This is What Joe Maddon Was Hired For

He’s known as somewhat of a mad scientist, tinkering with his lineups and challenging conventional baseball wisdom at every turn. When Joe Maddon overuses his closer in the playoffs or keeps a failing hitter at the top of his lineup for a decent chunk of the season, he always has an argument to defend his decisions at what’s best for the team.

And he’s usually right.

The idea of thinking differently wasn’t popular among baseball lifers for a very long time. Maddon is somewhat of a pioneer in that he’s not just going to take old wisdom as gospel and apply it to his team.
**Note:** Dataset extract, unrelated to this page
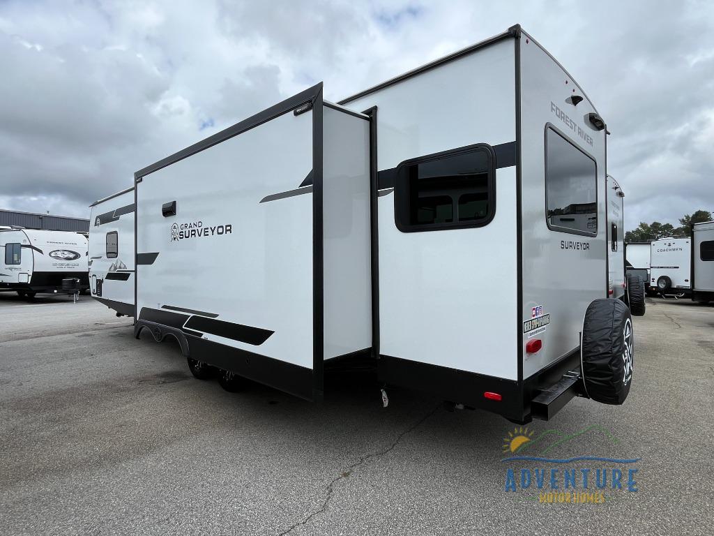 With any Grand Surveyor travel trailer by Forest River you will enjoy turn-key ready-to-go features and quality construction! Each model includes Azdel composite walls and a gel coated fiberglass front cap with an automotive style tinted windshield for a sleek look. There are friction hinge black glass entry door(s), an adjustable platform step with a night light, plus Goodyear tires and a power tongue jack for easy towing. The interior will have you feeling right at home with roller shades, residential faucets, sinks, and bathroom vanity, plus Surf(x) seamless countertops throughout. You can also plan for adventure with a 2" rear accessory and exterior spray port, and there are slam latch exterior baggage doors throughout to keep all your gear secure. Other stand-out features include a central vacuum system, a 200 watt solar panel with a 30 amp controller, a tankless water heater, carpet-free interiors, and the list goes on!

Most, if not all of the teams in the MLB now have at least a sprinkle of this attitude in their organization and the managers who won’t give new ideas the time of day are being filtered out.

But Maddon has another skill that is perhaps more valuable than figuring out who should lead off every game, and that’s the ability to connect. He can not only keep his finger on the pulse of the clubhouse, but also change the rhythm of that pulse when he needs to.

I believe it was Dan Bernstein on 670 The Score who made me realize sometime this week said that these difficult times are what Joe Maddon was hired for (apologies if I’m crediting the wrong source, I tend to lose brain cells while sitting in traffic on southbound 294 at 5:05 PM). Maddon is a players’ manager and is always thinking about the mental and physical health of his guys.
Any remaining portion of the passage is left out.